If you can’t get hold of the AK UW100 earbuds then the next best in my opinion depends on your device. If you have an iPhone then get the Airpods Pro. They offer amazing sound, good ANC and great software although at $399 their price equals that of the audiophile-quality Astell&Kern earbuds.

If you are an Android user then it will be a toss-up between the Sony LinkBuds S , the Google Pixel Buds Pro and the Huawei FreeBuds Pro 2 with the Pixel Buds Pro offering better sound quality but the LinkBuds S offering better ANC and software (although the Pixel Buds Pro software is still good). The Hauwei FreeBuds Pro 2 sat in between them.

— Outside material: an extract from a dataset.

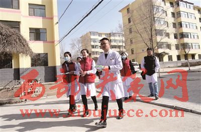 家庭醫(yī)生服務(wù)團(tuán)隊(duì)人員走在上門(mén)訪視的路上。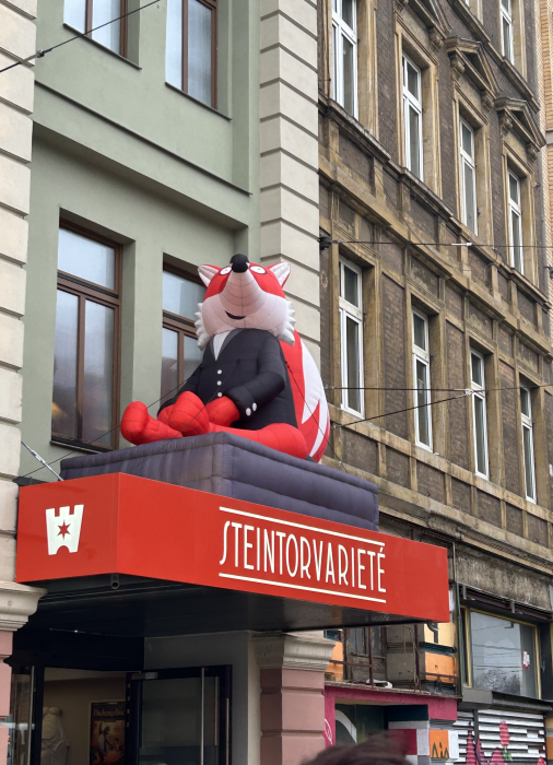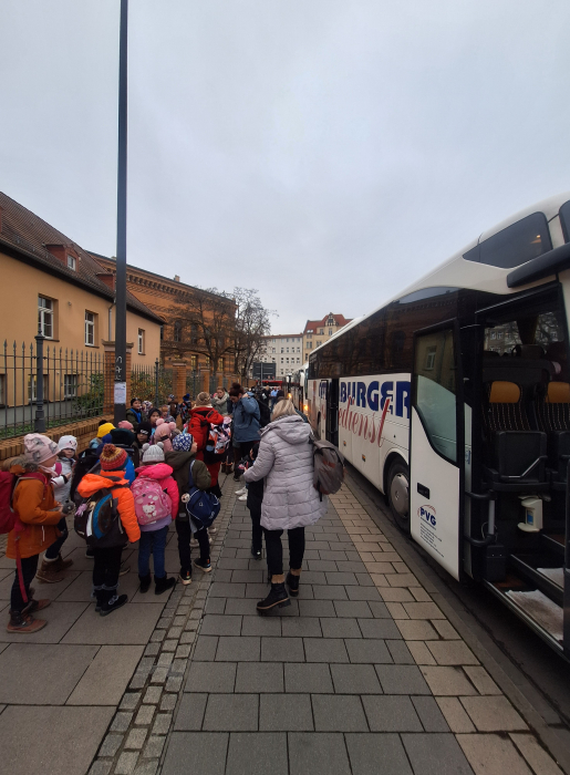 Am 12. Dezember fand unsere traditionelle Theaterfahrt statt. In diesem Jahr ging es aber nicht nach Naumburg, sondern nach Halle/Saale. Die Kinder durften sich die Weihnachtsrevue "Herr Fuchs, Felix und die Weihnachtsprinzessin" im Steintor Varieté anschauen. Alle Kinder waren sehr aufgeregt, denn das Theater in Halle war ein besonderes Ziel. Mit drei großen Reisebussen der PVG ging es morgens los. In Halle angekommen, stärkten sich die Mädchen und Jungen noch und naschten das Frühstück aus ihren Brotdosen. Danach ging es ins Steintor Varieté.

In the end, at this price range, the sound and ANC quality is extremely similar and it may be the fit that will tip you one way or the other. You may want to try and test them out somehow first though as the Pixel Buds Pro may not fit all that well into some ears with their different design — they do not feel as comfortable in my ears, that’s for sure. The $50 you save when purchasing the Sony earbuds compared to the Google earbuds may tip you over the edge towards the Sony LinkBuds S.

Those on a tighter budget who want great sound with decent offering in all the other categories, look no further than the JBL Live Pro 2. These offer a surprisingly great quality sound — JBL’s signature sound apparently — along with great ANC and software. They don’t quite offer the polish of the more expensive offerings in this shootout but that value for money cannot be overstated — they aren’t that far behind them.